Understanding the Biologic Pathways in Basal Cell Carcinoma

Special Reports, Melanoma (Issue 1), Volume 1, Issue 1

Most cases of BCC are curable with such approaches as surgery and radiation. In some cases, however, BCC can progress to a point of local invasion for which surgery and radiation therapy are not indicated.

The Hedgehog gene

Most cases of basal cell carcinoma (BCC) do not spread internally and are curable with such approaches as surgery and radiation. In some cases, however, BCC can progress to a point of local invasion for which surgery and radiation therapy are not indicated. Rarely, BCC can metastasize, a condition that is considered fatal. Until recently, few treatment options were available for patients with advanced BCC.1

Recent advances in the understanding of the biologic pathways that contribute to the progression of BCC have led to the development of therapies that directly target specific areas of these pathways.1,2

“The Hedgehog (Hh) signaling pathway is the important biologic pathway for driving all sorts of BCCs, whether it is advanced metastatic BCC or the common, uncomplicated BCCs on the skin,” said Jean Tang, MD, PhD, assistant professor of Medicine, Stanford University Medical Center. Tang has conducted several clinical trials in the development of novel therapies for patients with BCC that involve inhibition of the Hh signaling pathway.

Jean Tang, MD, PhD

One of the most common transduction pathways in mammalian cells, the Hh pathway plays a critical role in proper development during the embryonic period but is silenced in most adult tissues.

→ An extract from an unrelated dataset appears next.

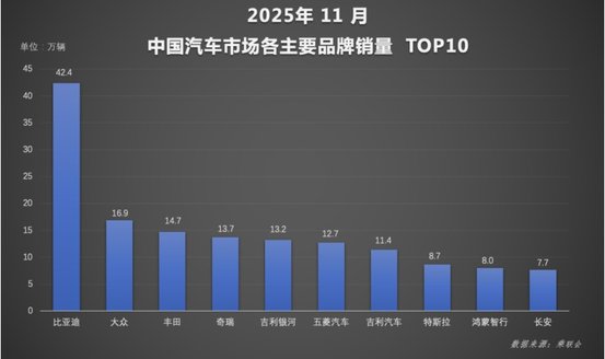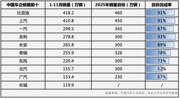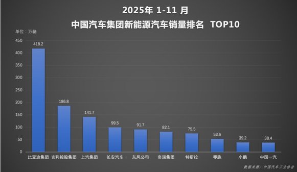从累计数据看,2025年前11个月比亚迪累计销量418.2万辆,同比增长11.3%,年度销量目标完成率超九成。随着12月市场进入冲刺阶段,比亚迪有望超额完成全年目标。

However, it has been shown to promote stem cell proliferation from various adult tissues, including hematopoietic cells, mammary, mesenchymal, and neural stem cells. It also appears to be involved in the repair of adult organs following injury.2The Hh pathway was first described in 1980.3

Defects in the Hh signaling pathway have been associated with either overexpression of signaling molecules in tumors or cells within the tumor microenvironment, or in mutations in pathway genes. This leads to the progression of BCC as well as to resistance to chemotherapeutic agents.1,2

Virtually all patients with BCC have mutations in the Hh signaling pathway. These BCC tumors are associated with elevated Ptch and Gli1 messenger RNA levels.4,5This ligand-independent mechanism of Hh activation is referred to as type 1 Hb signaling.6Research has demonstrated that approximately 90% of BCCs have loss-of-function mutations in at least one allele of Ptch1. Furthermore, 10% have activating mutations in Smoothened (Smo) that render it resistant to inhibition by Ptch1.7-9Mutations in other downstream molecules of the Hh pathway are relatively rare in BCC.2

Medications that inhibit Smo have potential for producing significant clinical response in patients with advanced BCC. One agent is currently approved for use in advanced BCC, and several others are in clinical trials and are expected to further expand the therapeutic options for patients with advanced BCC.